但恩信不及,所以制服其势者,不得不如此。所以杀其人不若制其势,制其势不若服其心。
古之圣王,心同天地,其生物之心,敌国皆知之。虽或诛暴救乱,不得已而兴师,彼之人民皆心服,谁肯与我为敌?此是个大兵法,人不识,只有孟子识得透。
黄石公《素书》,始终只是一个私。或曰:《素书》先说“道德仁义礼”,如何谓之私?曰:道德仁义礼,非私。石公以私见窥之,私意用之,故私。然所窥所用,非真道德仁义礼也。
兵者,圣人不得已而用之,为诛暴禁乱、吊民伐罪而设。主之须是仁义之人,智勇可用于暂时,亦利害相半。
兵以仁义为本,当先严纪律,设谋制胜在后。
兵虽主之以仁义,亦须法律谋议具全,方可用。
兵虽曰“威克厥爱”,然爱行乎其中。不知此,则必有败亡之祸,无以全其生。故仁义之兵愈严。
兵法言“须使兵士畏将,过于畏敌”。此言虽是,亦偏。须更使“爱将如爱父兄”也。然此是说家计事,须使敌人亦知畏爱方好。问:羊、陆何如?曰:羊祜是私意,故程子以为敌国相倾之谋。问:圣贤如何?曰:圣贤兵以义动,自不用许多机阱。

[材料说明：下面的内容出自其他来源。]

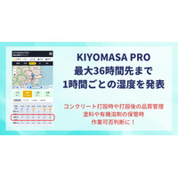 建設工事現場に特化した天気予報サービス『KIYOMASA PRO』 現場ピンポイントの最大36時間先の湿度予測コンテンツをリリース ―塗装作業管理や静電気による引火リスクの低減に有効-
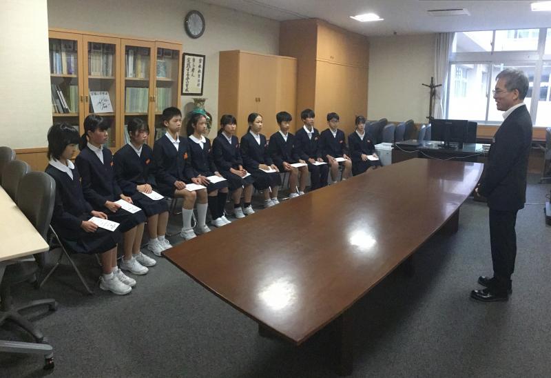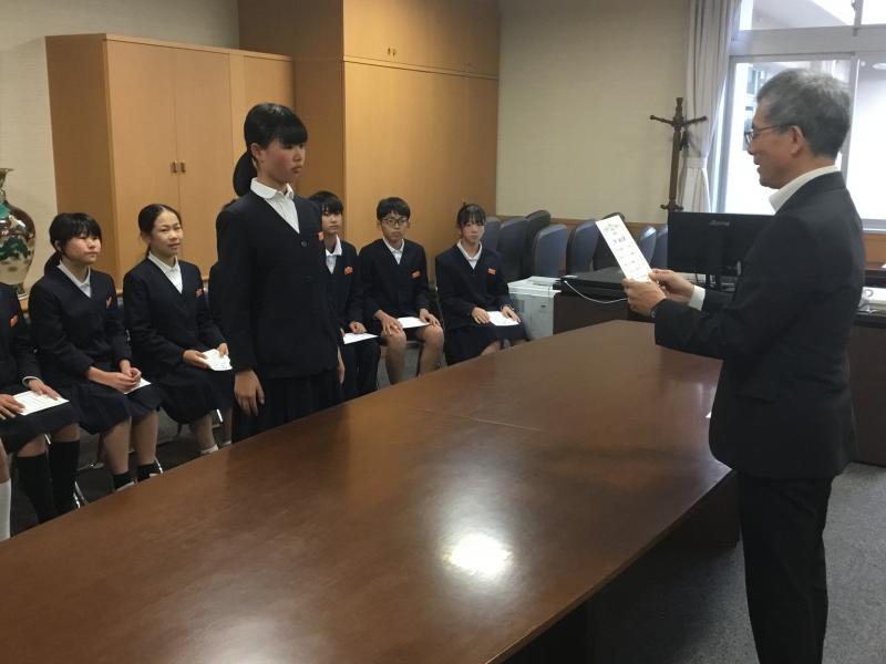 昼休みに 前期委員会活動の中心となって活躍した委員長や副委員長に感謝状を渡しました。
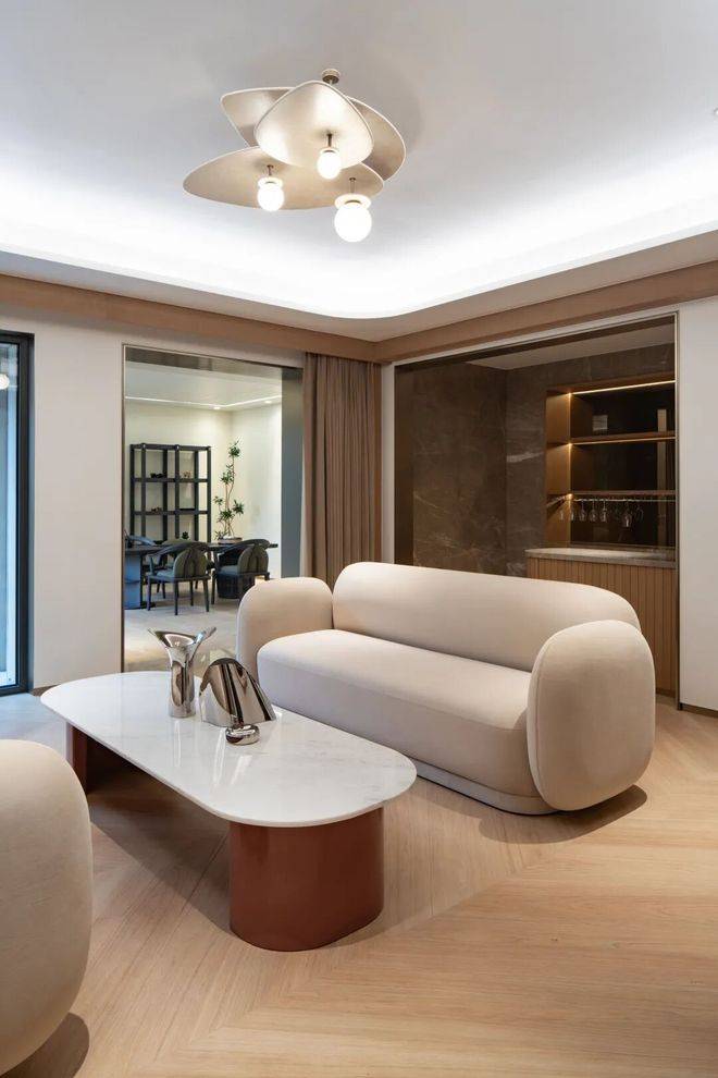 空间设计中每一处细节都凝结着设计师的巧妙心思:定制的曲线形长沙发是以时装设计量体裁衣的方式打造,不同身形的人入座时具有其相应的坐深和支撑点,且延展的弧度大小也影响着人与人之间的坐距,这对细节近乎苛求的执着最终打磨出了符合人体工程学的精美作品;弧线形的茶几上则设有三种不同材质的撞色几何图形,外观生动有趣之外,更是具有对应不同类型饮品的耐高温隔热功能。
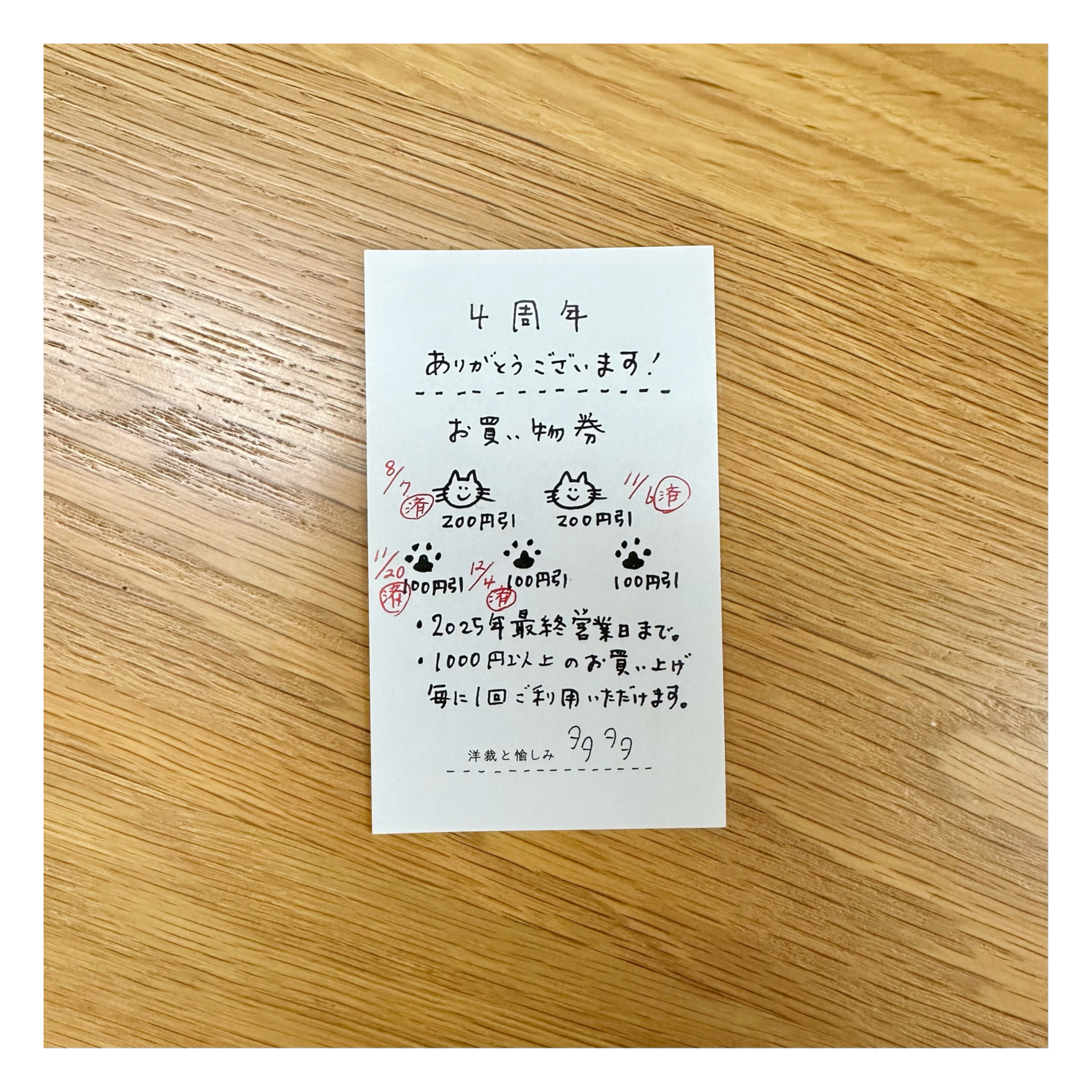 昨日ご来店くださったMさんが、お会計の時に提示されたのは、4周年の時にお配りしていたお買い物券。
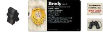 Brody: Take the Beach Closed Token and the Binoculars Token. Place the Brody Mover (black) at the Amity P.D. (space 6).

所谋者,欲其归于义也,非私也。
若朝廷君相不得其人,虽有善战之才,不可为之战也。虽使战胜,终必败亡。
以寡击众者,只是这边谋议定,那边谋议不定;这边人心奋勇,那边人心懈惰;这边队伍整,那边队伍乱。再无别法。
天下事,不善处置,则小变成大。邓茂七、叶宗留、黄萧养,若当初处置得宜,一县尉足以制之。及发也,苟得其人,郡兵足以制之。及其猖獗,费伤许多兵力。若王道既行,仁义既兴,则民安物阜,贤能在位,百邪俱息,自无此等事。以此思之,王道不行,太平难致。汉、唐、宋仅得小康,下此皆危亡之国也。故非陈胜能起兵,秦自起也;非黄巾能为乱,汉自乱也;非黄巢能为乱,唐自乱也;非红巾能为乱,元自乱也。